The ink jet recording apparatus according to claim 5, wherein the ink jet recording apparatus is extended substantially at a right angle. 8. The inkjet according to any one of claims 4 to 7, characterized in that the deflection control means (39) is provided with means for changing the required time of the first voltage pulse (57). Recording device. 9. The inkjet according to any one of claims 4 to 8, characterized in that the deflection control means (39) is provided with means for changing the required time of the second voltage pulse (61). Recording device. 10. The deflection control means (39) is provided with means for changing the amplitudes of the first voltage pulse (57) and the second voltage pulse (61).

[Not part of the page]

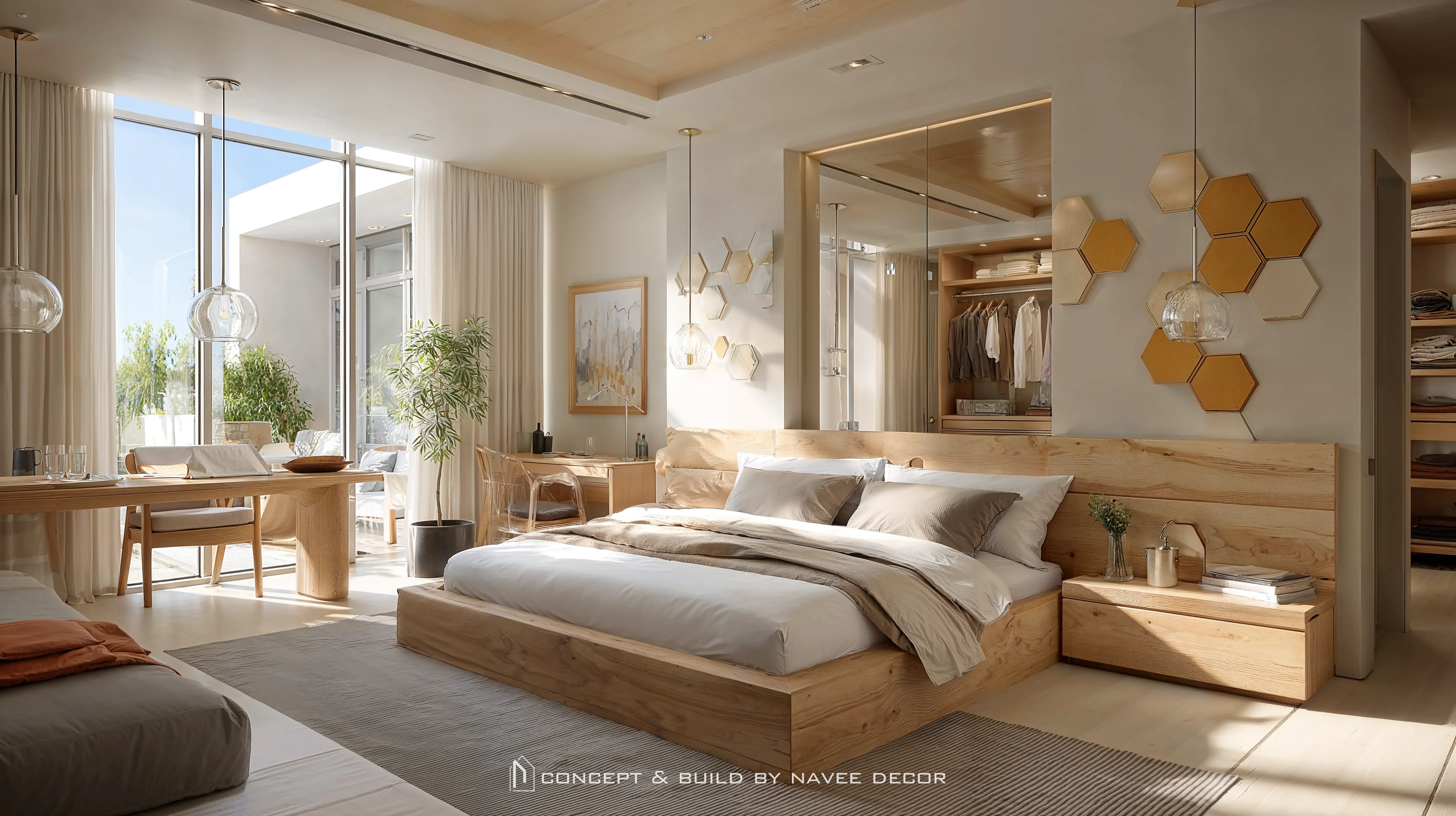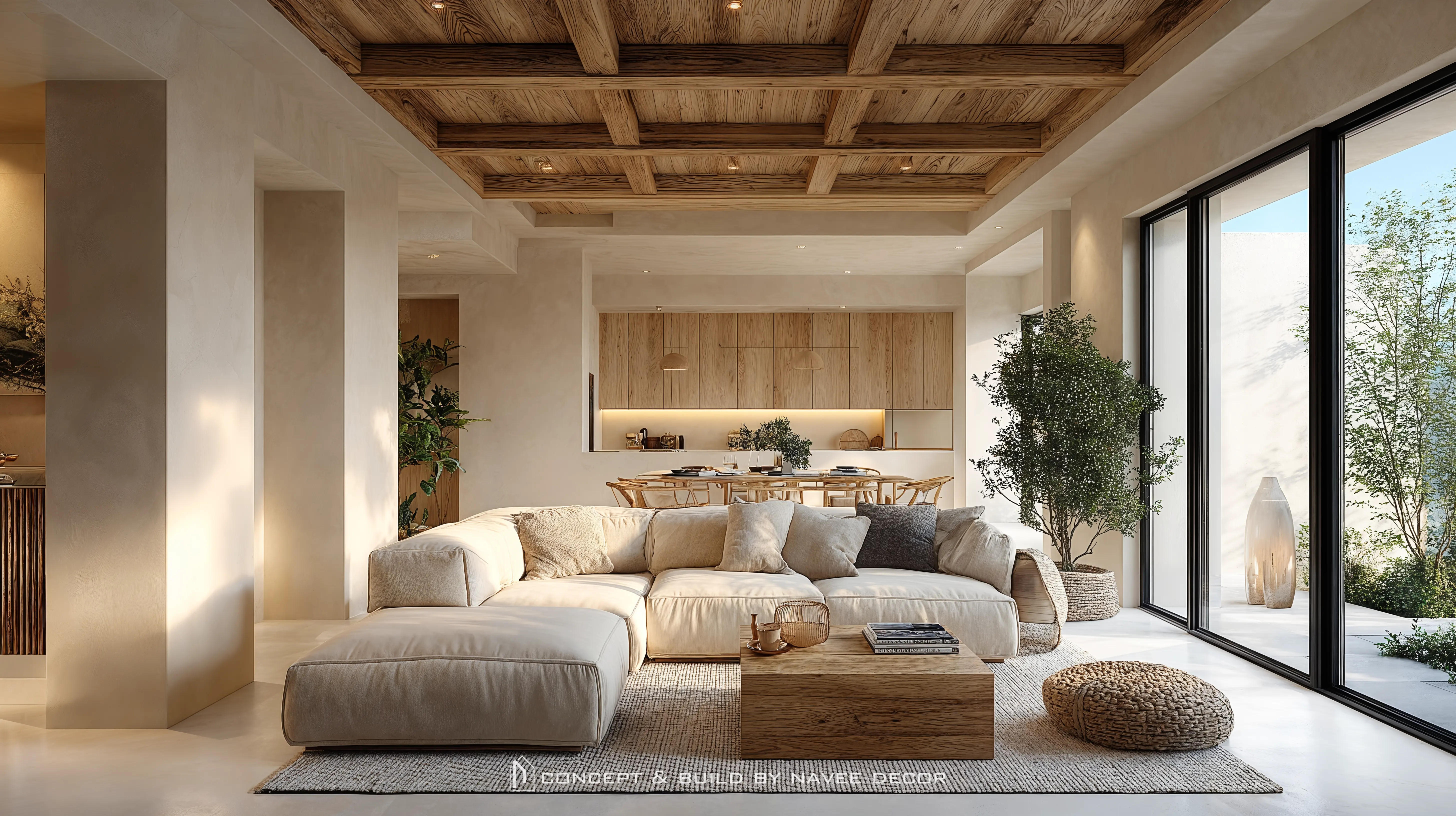 Bước vào bên trong, không gian mở ngập tràn ánh sáng, nội thất gỗ mộc cùng be trắng hòa quyện nhẹ nhàng, mang đến cảm giác thư thái ngay từ ánh nhìn đầu tiên. Dù là phòng khách mềm mại, phòng ngủ ngập nắng, góc làm việc đầy cảm hứng ay phòng tắm chuẩn resort – tất cả đều được Navee thiết kế theo tiêu chí: ít nhưng trọn vẹn, đơn giản nhưng sang trọng, bình yên nhưng giàu cảm xúc.

7. The inkjet recording device according to any one of items 7 to 7. 11. The recording head comprises a plurality of groups (65, 69) of nozzles (19a to 19d) arranged in a straight line substantially parallel to each other so that ink droplets of different colors are delivered to the nozzles of different groups. The ink jet recording apparatus according to any one of the preceding claims, characterized in that 12. The recording head is provided with a first group of nozzles and a second group of nozzles that are arranged substantially linearly, and the adjacent nozzles (19a, 19b) of the first group (65) have a first color. And ink droplets having a second color are respectively ejected, and the adjacent nozzles (19c, 19c,
19d) is configured to deliver ink drops having a third color and a fourth color, respectively, the first color, the second color,
The ink jet recording apparatus according to claim 11, wherein the third color and the fourth color are different from each other.